T cell differentiation is generally regulated by three signals: signal 1 from antigen receptors, signal 2 from costimulatory or inhibitory molecules, and signal 3 from inflammatory cytokines (McLane et al., 2019). During chronic infection and cancer, persistent T cell receptor stimulation sustains the activation of NFAT and induces high-level expression of TOX and Nr4a1, which limit T cell function and promote T cell exhaustion (Chen et al., 2019; Khan et al., 2019; Liu et al., 2019; Martinez et al., 2015; Scott et al., 2019). In addition, elevated expression of coinhibitory receptors (e.g., PD-1 and CTLA-4) in Tex cells also enforces exhaustion, and the blockade of their signaling has shown clinical benefits in various human cancer types (Callahan et al., 2016; Kamphorst et al., 2017). Moreover, it has been reported that diminished TCR and costimulatory signaling in established chronic infection preferentially programs Tex cells into TCF1+ memory-like subset (Snell et al., 2018). Importantly, in addition to TCR and costimulatory/inhibitory molecules, Tex cell generation is also shaped by a broad range of inflammatory cytokines (McLane et al., 2019). Among them, JAK-STAT cytokines are critical in regulating T cell development in immune responses (Dong, 2021). For example, STAT1 is critical in promoting T cell expansion and antitumor response in cancer (Ryan et al., 2020). Consistently, STAT1 upstream cytokines, including type I IFN and IL-27, function to drive TIM-3+ Tex cell differentiation in both cancer and chronic infection (Chihara et al., 2018; Wu et al., 2016; Yang et al., 2012). In addition, IL-2–STAT5 axis functions as an inducer of exhaustion and promotes the generation of TIM-3+ Tex cells within tumors (Liu et al., 2021).

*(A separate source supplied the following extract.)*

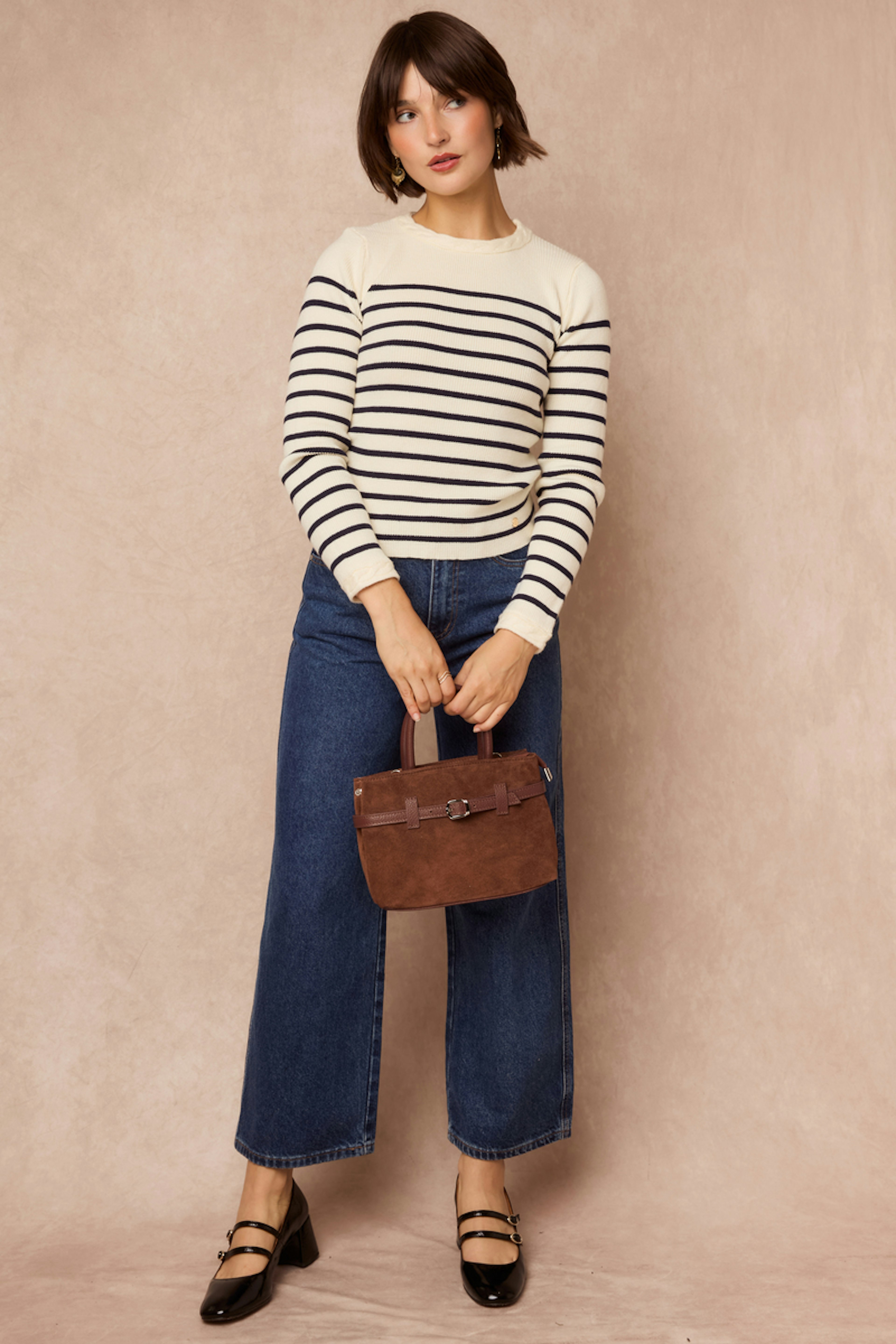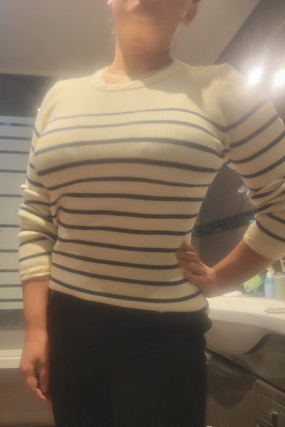 Neem een tijdloze stijl aan met deze gestreepte trui. Combineer hem met een raw jeans en enkellaarsjes voor een chique en casual look. • Gestreepte trui • Aangesloten snit • Ronde hals • Lange mouwen • Gestreept patroon

STAT3 is a cytoplasmic transcription factor belonging to the signal transducer and activators of transcription (STAT) family (Darnell, 1997). It can be phosphorylated and activated by multiple cytokines (e.g., IL-6, IL-10, IL-21, and IL-23), and it transcriptionally regulates the fate decisions of various CD4+ T lymphocyte lineages (Dong, 2021). The IL-6/IL-23–STAT3 axis induces RORγt expression during Th17 cell development (Chang et al., 2020; Yang et al., 2007), and the IL-6/IL-21–STAT3 pathway also promotes Bcl6 expression during Tfh cell differentiation (Nurieva et al., 2009; Xu et al., 2019). However, the role of STAT3 in regulating CD8+ T cell differentiation and function remains controversial and lacks mechanistic understanding. More importantly, its role in tumor-specific Tex cell development still remains unclear. STAT3 was long considered to promote memory CD8+ T cell development (Cui et al., 2011; Hanna et al., 2021; Olson and Jameson, 2011; Siegel et al., 2011). A previous study showed that Stat3 deficiency impaired the maturation and self-renewal of IL-7RhiKLRG1low memory CD8+ T cells in acute LCMV virus–infected mice (Cui et al., 2011). The development and maintenance of human central memory CD8+ T cells were also diminished in autosomal-dominant hyper-IgE syndrome patients with STAT3 mutations (Siegel et al., 2011). Moreover, in the chronic lymphocytic leukemia model, Stat3 deletion lowered the frequencies of memory-like PD-1intTCF-1+ CD8+ T cells (Hanna et al., 2021), and the leptin-induced STAT3 activation in obesity-driven breast cancer inhibited IFN-γ production and CD8+ T cell effector function (Zhang et al., 2020). However, contrary to these findings, another study showed that Stat3 deficiency decreased KLRG-1+ effector CD8+ T cells in HSV-1 infection (Yu et al., 2013) and reduced the expression of Blimp1, BATF, and Granzyme B in IL-21–stimulated CD8+ T cells in vitro (Xin et al., 2015). Thus, the role of STAT3 signaling in CD8+ T cell differentiation and function, especially in the context of tumor antigen–driven exhaustion, urgently needs to be clarified via a detailed mechanistic approach, and its upstream inducers within the tumors also need to be systematically identified.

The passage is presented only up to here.